**Work required**
Your job is to print, exactly, the lines in the data below from the line with "Váza, návrh 1973, číslo" through the line with "Electronic Relays, Modular", both included, and to omit any picture.

**Information supplied**

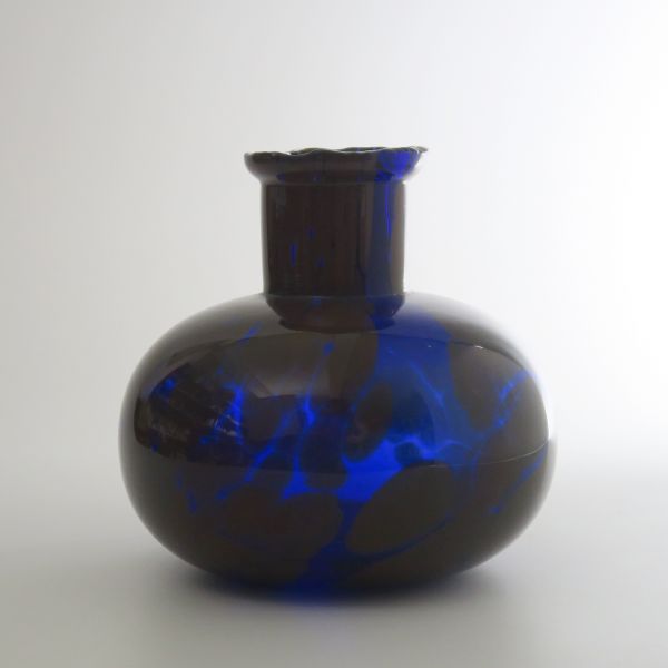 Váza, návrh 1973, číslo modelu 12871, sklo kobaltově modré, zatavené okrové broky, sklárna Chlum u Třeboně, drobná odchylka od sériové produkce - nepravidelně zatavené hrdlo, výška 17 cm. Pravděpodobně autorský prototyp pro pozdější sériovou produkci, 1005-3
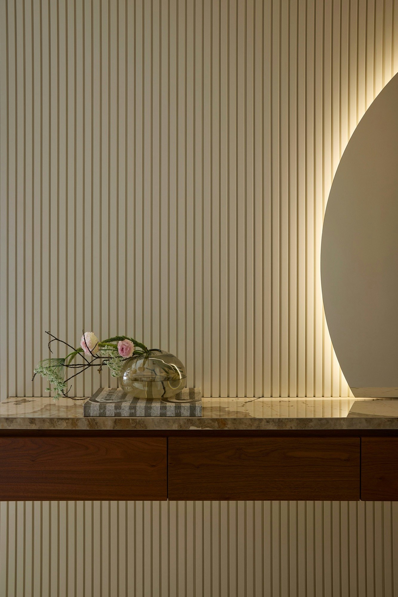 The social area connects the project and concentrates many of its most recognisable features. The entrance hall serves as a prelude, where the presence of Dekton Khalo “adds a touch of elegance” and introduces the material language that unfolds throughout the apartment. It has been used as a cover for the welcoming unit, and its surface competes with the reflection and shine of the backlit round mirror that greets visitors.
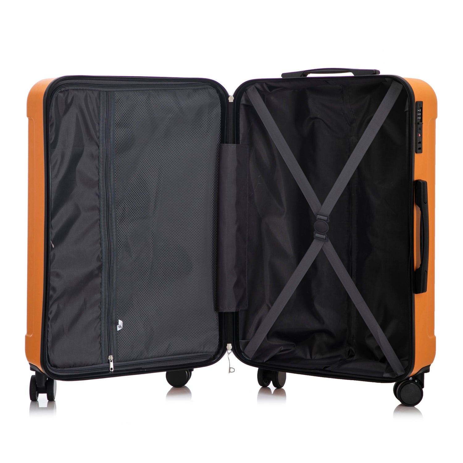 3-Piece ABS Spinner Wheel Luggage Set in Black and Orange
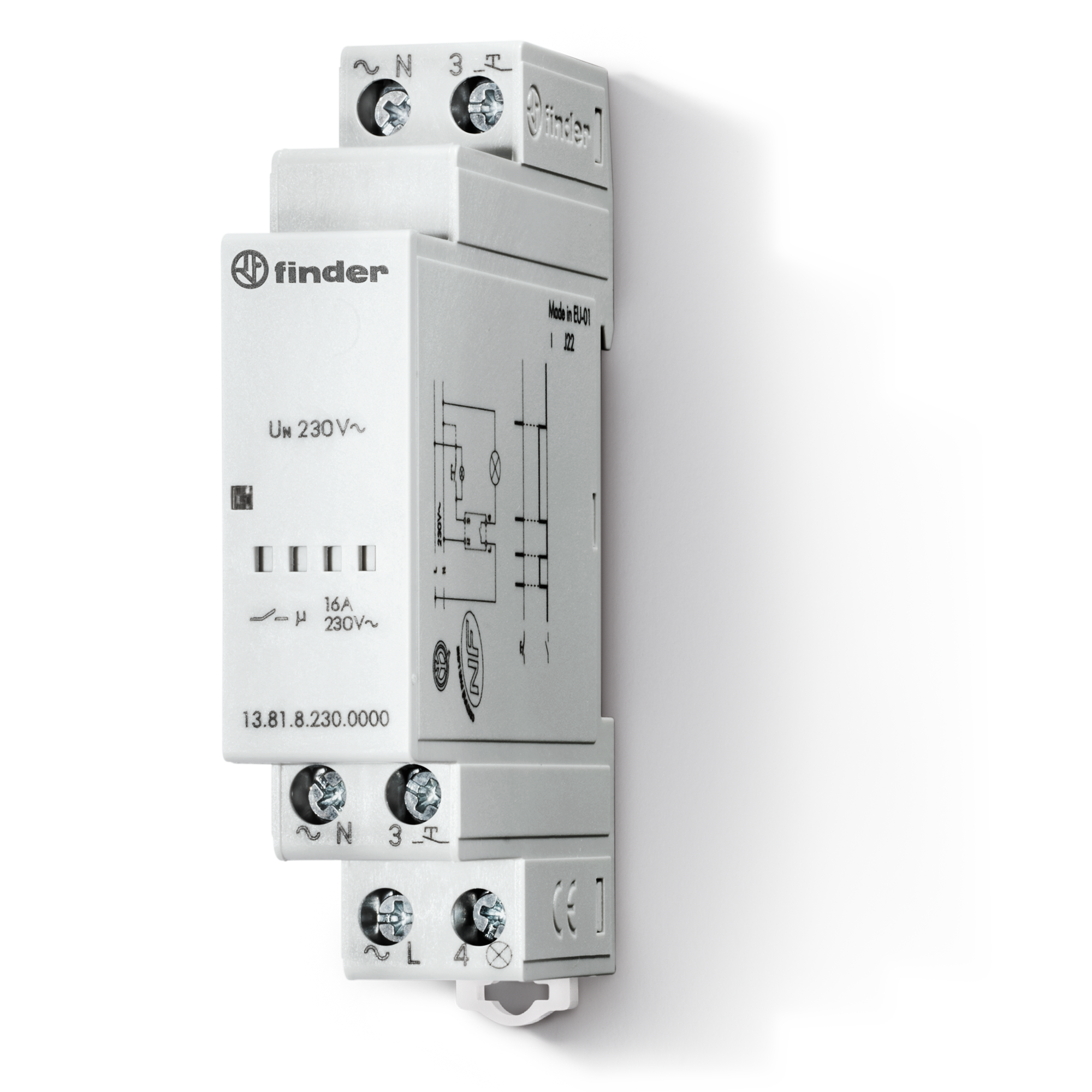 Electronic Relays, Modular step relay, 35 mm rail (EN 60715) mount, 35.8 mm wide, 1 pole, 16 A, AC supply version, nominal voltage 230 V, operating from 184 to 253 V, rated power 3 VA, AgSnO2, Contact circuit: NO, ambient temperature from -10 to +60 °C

* * *

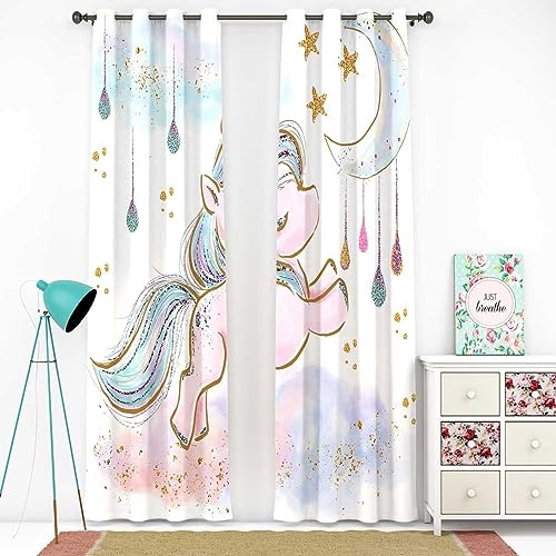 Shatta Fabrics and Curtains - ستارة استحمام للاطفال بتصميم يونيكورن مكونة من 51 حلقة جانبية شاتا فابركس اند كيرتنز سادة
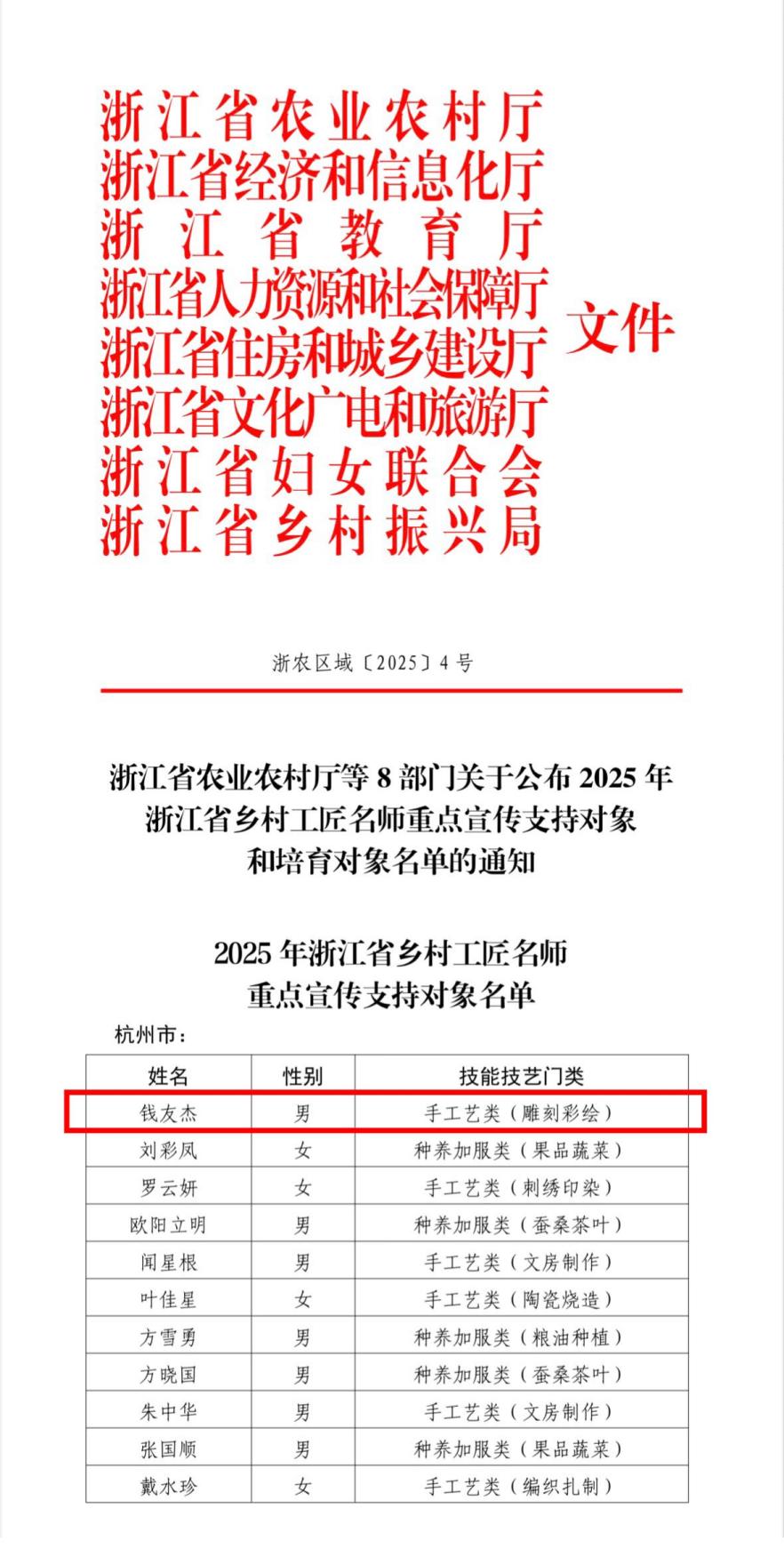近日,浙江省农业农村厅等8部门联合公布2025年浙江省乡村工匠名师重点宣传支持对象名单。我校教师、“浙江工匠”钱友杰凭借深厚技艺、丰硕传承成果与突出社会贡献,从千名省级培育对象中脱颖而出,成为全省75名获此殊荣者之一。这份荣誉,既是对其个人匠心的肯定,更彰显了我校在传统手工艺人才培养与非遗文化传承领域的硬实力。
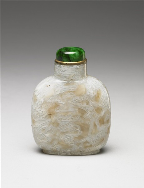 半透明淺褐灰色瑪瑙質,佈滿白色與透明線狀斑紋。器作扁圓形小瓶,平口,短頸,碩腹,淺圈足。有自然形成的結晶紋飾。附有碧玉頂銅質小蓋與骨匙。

**Exercise response**
 Váza, návrh 1973, číslo modelu 12871, sklo kobaltově modré, zatavené okrové broky, sklárna Chlum u Třeboně, drobná odchylka od sériové produkce - nepravidelně zatavené hrdlo, výška 17 cm. Pravděpodobně autorský prototyp pro pozdější sériovou produkci, 1005-3
 The social area connects the project and concentrates many of its most recognisable features. The entrance hall serves as a prelude, where the presence of Dekton Khalo “adds a touch of elegance” and introduces the material language that unfolds throughout the apartment. It has been used as a cover for the welcoming unit, and its surface competes with the reflection and shine of the backlit round mirror that greets visitors.
 3-Piece ABS Spinner Wheel Luggage Set in Black and Orange
 Electronic Relays, Modular step relay, 35 mm rail (EN 60715) mount, 35.8 mm wide, 1 pole, 16 A, AC supply version, nominal voltage 230 V, operating from 184 to 253 V, rated power 3 VA, AgSnO2, Contact circuit: NO, ambient temperature from -10 to +60 °C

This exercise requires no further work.